I was just uploading some pictures from my phone and thought I'd post some of them. The first is my favorite. Grissom looks so big! (He's hit 17lbs. My little man is getting so big!!)









Poor little Grissom gets so stinkin' tired at daycare. 









Everyone should have a Corgi at least once. Seriously. They're comedians. Just look at all the mischief in that face. He is planning something.....

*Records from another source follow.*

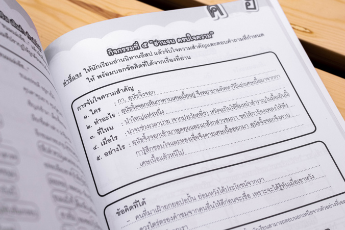 พัฒนาทักษะภาษาไทย ทั้งการฟัง การพูด การอ่าน การเขียน และการคิดวิเคราะห์ให้กับผู้เรียนด้วยแบบฝึกที่ครอบคลุมเนื้อหา และสรุปสาระสำคัญที่ช่วยให้ผู้เรียนเข้าใจได้ง่ายและแม่นยำมากขึ้น
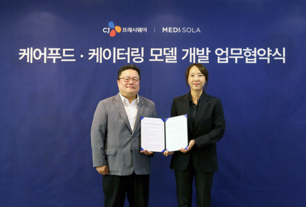 양사는 식자재 유통 사업 부문에서도 협력을 이어간다. CJ프레시웨이의 상품 기획 및 유통 역량과 메디쏠라의 임상 영양 특화 식단 및 케어푸드 개발 역량을 결합해 특수의료용도식품, 질환별 영양 식단 등 특수 경로 맞춤형 상품과 메뉴를 다양하게 선보일 계획이다.
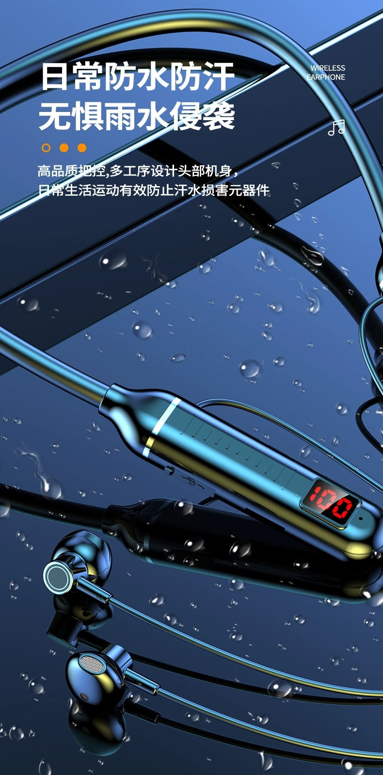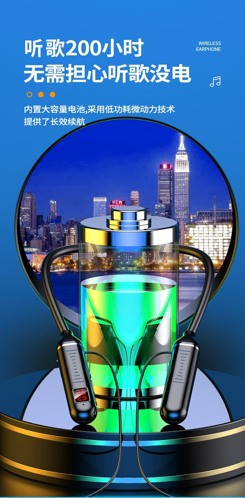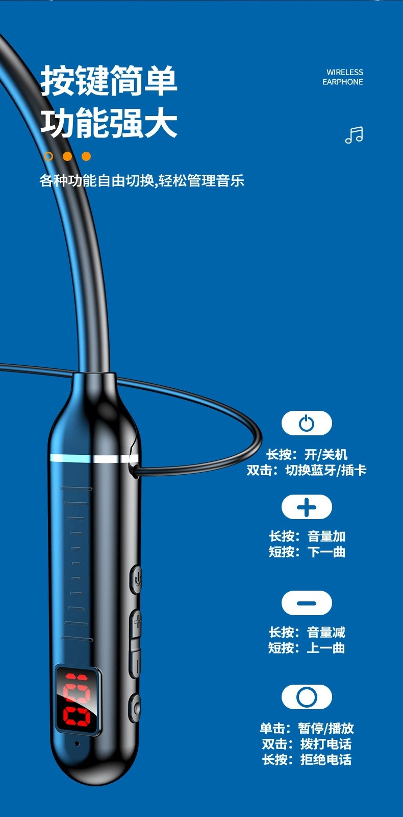 无线蓝牙耳机超长续航待机大电量数显运动挂脖式蓝牙耳机

Grissom totally digs raw meaty bones... despite the fact they totally gross me out...


----------



## Unosmom (May 3, 2009)

Aw, your pup is precious!! I love corgis, but dont see a whole lot of them, even at a dog park. When I was in junior high , I was asked to look after an elderly corgi named Barney, he was absolutely the sweetest creature, even with his bad arthritis, he was so happy to see me so we could go for a walk. I definitely want to adopt a corgi in near future. I love their little butts too


----------



## apbtproud (Aug 22, 2008)

Awh too too cute...


----------



## Guest (May 27, 2009)

I see a lot of corgis at dog parks around here. Even on the trails, too. Corgis seem to be popular around here. They are very cute with their big rabbit ears, but they are real big barkers too.


----------



## CorgiPaws (Mar 31, 2009)

I've lived in San Diego, CA, Portland, OR, Denver, CO, and Salt Lake City, UT and I haven't seen hardly any at the parks in any of those places. I like less common breeds, I feel like it's easier to find a well bred pup. Then again I do have this total obsession with getting a Boxer as soon as I can. Go figure. 
I know a few Corgis from the breed clubs I've been in in those cities, and quite a few are barkers, but I stay really on top of Grissom's training so he doesn't end up like that. 
He's pretty much perfect. :biggrin: He'd be entirely perfect if he didn't eat other dog's poop. :frown:


----------



## wags (Jan 31, 2009)

What a cutie! My neighbor down the street has the same breed and hes sweet looking also! Cute!


----------



## hankjmatt (Aug 3, 2009)

your pup is very cute!!
Really hope i have one too.


----------



## hankjmatt (Aug 3, 2009)

Sorry to post double reply.

:smile:


----------



## EnglishBullTerriers (Sep 10, 2008)

Look at how big he is getting!! 
So adorable! I have always loved the breed, just never had a chance to get one. Maybe one day when I get the space!


----------



## CorgiPaws (Mar 31, 2009)

yayyyy! Everyone loves Grissers!
I went to my local shelter today, as I have a very bad habit of doing when I can not adopt, and they have an eight month old Pembroke Corgi up for adoption. He was so incredible. I wish SO badly that my family would let me bring him home. 
He was perfect.


----------